Audio & Speech

LESS: Large Language Model Enhanced Semi-Supervised Learning for Speech Foundational Models Using in-the-wild Data

New method cuts Word Error Rate by 3.8% and boosts translation scores by refining noisy speech labels.

Deep Dive

A team of researchers has developed a new framework called LESS (Large Language Model Enhanced Semi-supervised Learning) to tackle a major bottleneck in training speech AI: the poor quality of labels generated from real-world, noisy audio. Current state-of-the-art Speech Foundational Models struggle with the complex acoustics of uncurated data, producing unreliable text transcripts (pseudo-labels) that hinder effective semi-supervised learning. LESS innovates by using a Large Language Model as a post-processor to correct and refine these noisy pseudo-labels, followed by a data filtering strategy to select the highest-quality samples for training. This creates a cleaner, more effective training dataset from vast amounts of otherwise unusable audio.

The method proved highly effective across different languages and tasks. In evaluations, LESS achieved an absolute Word Error Rate (WER) reduction of 3.8% on the Mandarin WenetSpeech dataset for Automatic Speech Recognition (ASR). For Spanish-to-English Automatic Speech Translation (AST), it boosted BLEU scores by 0.8 and 0.7 points, reaching 34.0 on Callhome and 64.7 on the Fisher test sets. These consistent gains demonstrate the framework's versatility.
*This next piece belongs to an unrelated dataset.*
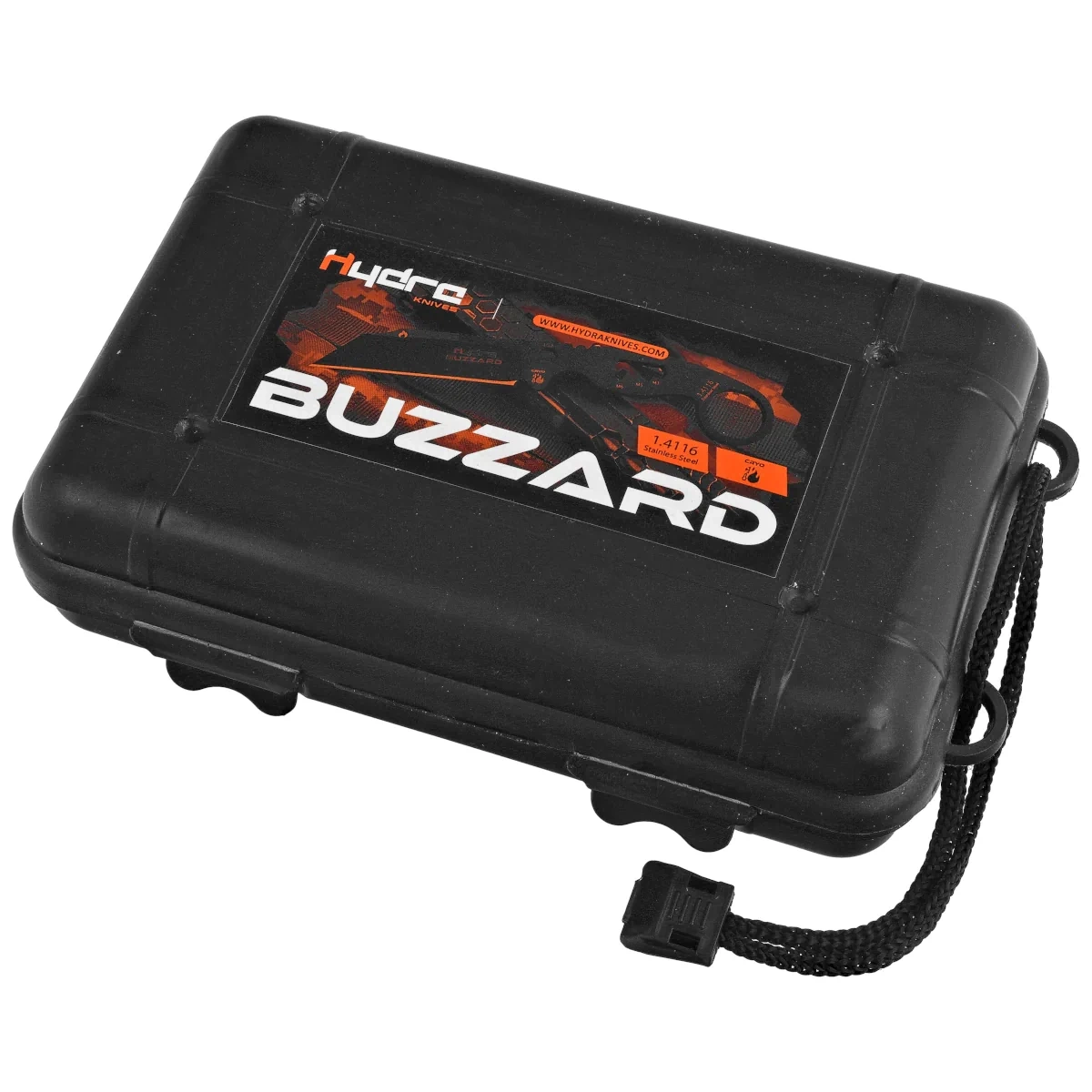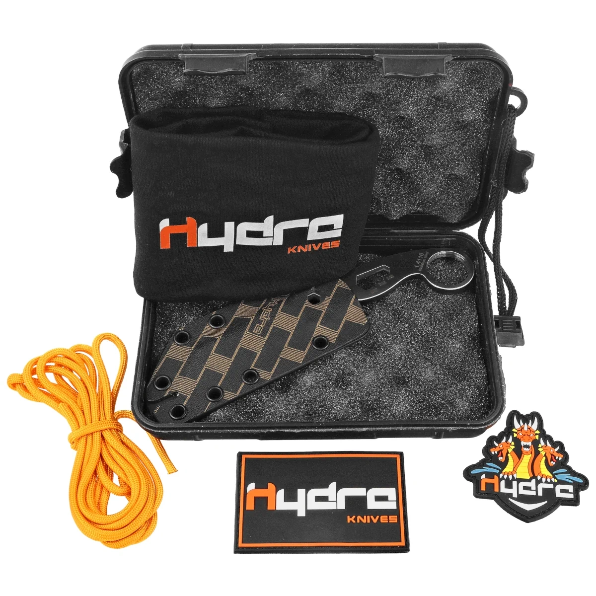 Futerał – w zestawie znajduje się czarna pochwa z Kydexu®, umożliwiająca bezpieczne przechowywanie i transport noża. Dzięki dołączonemu paracordowi, nóż można nosić na szyi, a futerał jest w pełni konfigurowalny dla użytkowników prawo- i leworęcznych, umożliwiając mocowanie na pasku, plecaku czy jako nóż na szyję.
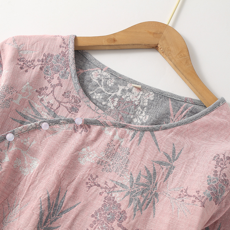 中年妈妈睡衣女春秋季薄款国风圆领盘扣福字宽松大码家居服可外穿

By open-sourcing the recipe, accepted for presentation at ICASSP 2026, the researchers aim to accelerate progress in building more robust and accurate speech models that can perform reliably outside of controlled laboratory environments.

Key Points
  • Uses LLMs to correct noisy text labels from real-world speech data, enabling better semi-supervised training.
  • Achieved a 3.8% absolute WER reduction on Mandarin ASR and significant BLEU score gains for Spanish-English translation.
  • The open-source framework works across diverse languages and tasks, making 'in-the-wild' audio a viable training resource.

Why It Matters

It unlocks the potential of vast, unlabeled real-world audio to build more accurate and robust speech recognition and translation systems.